Disconcertingly, FCA/TPR intend to basically allow pension firms to select their own assumptions to project future investment performance. There is no logic to allowing firms to select their own assumptions. The risk of firms trying to game the system is all too obvious. Moreover, worryingly FCA/TPR will not require firms and trustees to publish the assumptions used to project investment returns or to publish the advice received from external advisers so that independent observers can see whether external advice has been ignored.
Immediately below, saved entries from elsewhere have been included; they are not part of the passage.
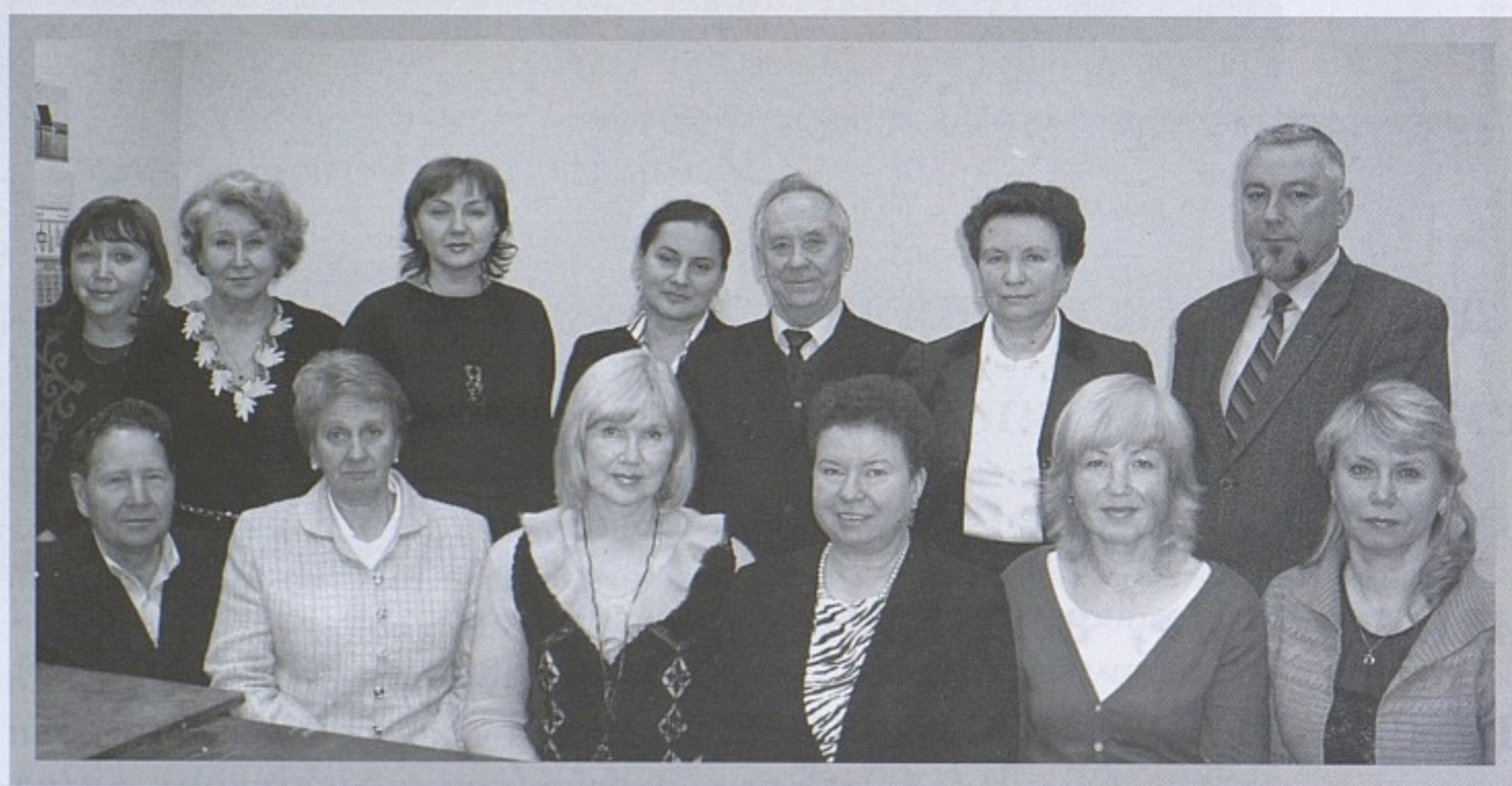
Коллектив кафедры медико-валеологических дисциплин.

45 лет исполнилось со дня основания кафедры медико-валеологических дисциплин, входящей в состав факультета безопасности жизнедеятельности нашего университета.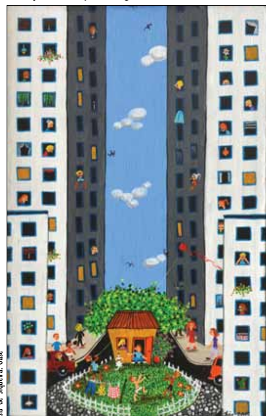
Isis de Siqueira: Oase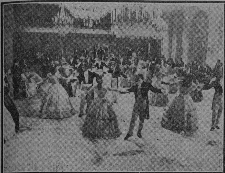
Un momento de la película titulada "Abandono".

De las dos funciones que se celebran cada día—una por la tarde, a las cuatro, y otra por la noche, a las nueve—, ésta última tiene empaque de sesión de gala. Aunque por la seriedad y sobriedad de la guerra no se edija el traje de etiqueta o el uniforme, para diferenciarse de la fastuosidad de los años anteriores—desplazada época de calma—, destaca en el público un tono elegante. Gráciles atavíos estivales de colores claros, en contraste con el cutis pigmentado por el sol, el alre y el agua de las mañanas pasadas en la playa de Lido, y un alarde, muy femenino, de alhajas en las espectadoras y limpios atuendos veraniegos en los hombres. La entrada al cine San Marcos, después de cruzar la plaza de este nombre, en completa oscuridad—sólo débiles luces de un azul sin bríos en los soportales—co-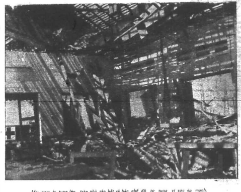
Một người bị thương, trên nắp nắp hè và bàn ghế đổ tung tóe ở sự cố thảm.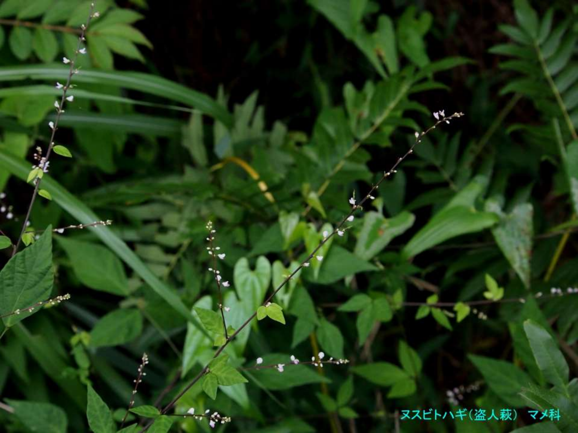
ヌスビトハギ(盗人萩) マメ科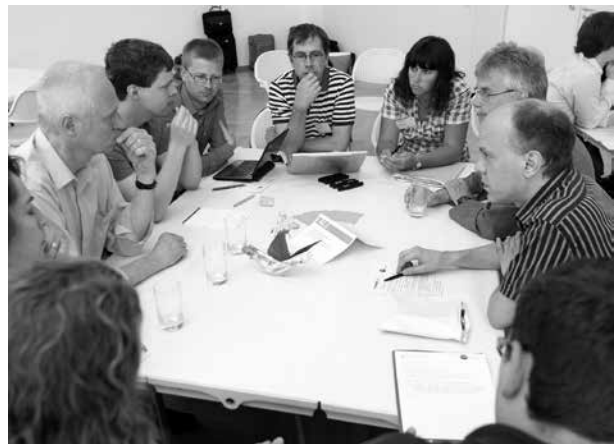
Mit dem Bürgerhaushalt hält eine neue Kultur der Einbeziehung und Beteiligung von Bürgerinnen und Bürger Einzug in die Kommunen

Verwaltungsmitarbeiter erfahren, dass Bürgerbeteiligung der Verwaltung trotz anfänglicher Mehrarbeit nutzt. Durch mehr Entscheidungsklarheit, zunehmende Bürgerzufriedenheit und generelles bürgerliches Empowerment kann ein Bürgerhaushalt die Verwaltung langfristig sogar nachhaltig entlasten. Außerdem hilft der Bürgerhaushalt bei der Modernisierung der Verwaltung, die immer stärker auf themenübergreifende Zusammenarbeit und Lösungsentwicklung zielt.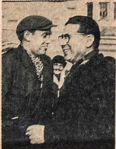
SOVIETINIAI RASYTOJAI: Roždenstvensky ir Chakovsky.

Trečias šaltinis — taip pat iš Washingtono, bet jo vardo korespondentas nepasako. Tas šaltinis pažymėjo, kad "Mieželaitis buvo Lietuvos rašytojų sąjungos pirmininkas ir galėtų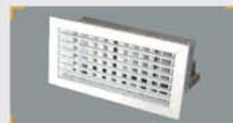
Unidad Terminal Motorizada (UTM)

Son los elementos de difusión de aire que climatizan las zonas: rejillas y difusores (con compuerta motorizada), incluso (si es el caso) las compuertas motorizadas intercaladas en conducto. En función de las indicaciones de los TRZ, reciben señales desde las Unidades de Control, ajustando la aportación de aire. Las zonas trabajan, así, a caudal variable.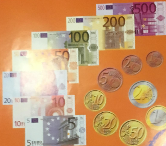
7 billets de banque, identiques pour tous les pays, de 5 à 500 euros illustrés par des ponts, portails et fenêtres en signe d'ouverture et 8 pièces de monnaie de 1 «cent» -soit 1/100 d'euro- à 2 euros avec une face commune et une face nationale.

Préparé par le Comité français pour l'euro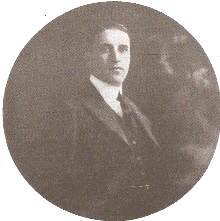
Ingeniero Héctor Boza, Primer Vicepresidente de la República (1950-1956) y Presidente de la Cámara de Senadores (1950, 1951, 1954 y 1955)

Héctor Julio Boza, fue Primer Vicepresidente de la República (1950-1956) y cuatro veces Presidente de la Cámara de Senadores (1950, 1951, 1954 y 1955). Héctor nació en Lima el 12 de diciembre de 1888. Cursó sus estudios primarios y secundarios en el Colegio José Granda y en el Instituto de Lima. Ingresó a la Escuela de Ingenieros (actual Universidad Nacional de Ingeniería). En 1907 viajó a los Estados Unidos para continuar su preparación profesional en la Escuela de Minas de Misuri, donde se graduó de bachiller en Ciencias (1911). Además, estudió ingeniería civil en la Universidad de Illinois y obtuvo el título de ingeniero de minas en la Universidad de Wisconsin (1916). Se especializó en asuntos mineros y metalúrgicos. Trabajó en diversas empresas de Estados Unidos y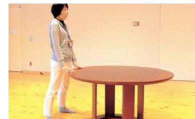
机やイスの背につかまり、足は肩幅より少し広めに広げて立ち、つま先は30度程開く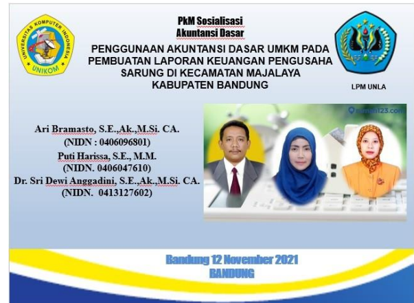
Gambar 4. Backdrop Kegiatan Program Kemitraan Masyarakat

The VFM framework with its emphasis on investment performance will just allow investment managers, consultants, advisers, and other intermediaries to divert attention from the importance of costs and charges and actively promote and sell high cost, complex investment strategies which actually offer little added value but introduce greater risk. It risks causing more pension assets to be invested in high cost, complex, opaque, poorly regulated and governed ‘alternative’ investment assets and vehicles ssuch as private equity with questionable past performance track records and future prospects.
Giving past investment performance such a key role in a VFM assessment, and allowing firms and scheme arrangements to use their own assumptions about future performance, could give a false and misleading measure of VFM and undermine the integrity and usefulness of any rating system intended for comparison. Overall, we think the proposed framework risks misleading pension savers and distorting the market. It is likely to result in poorer quality and value outcomes for ordinary pension savers and investors, and less efficient allocation of resources by financial markets.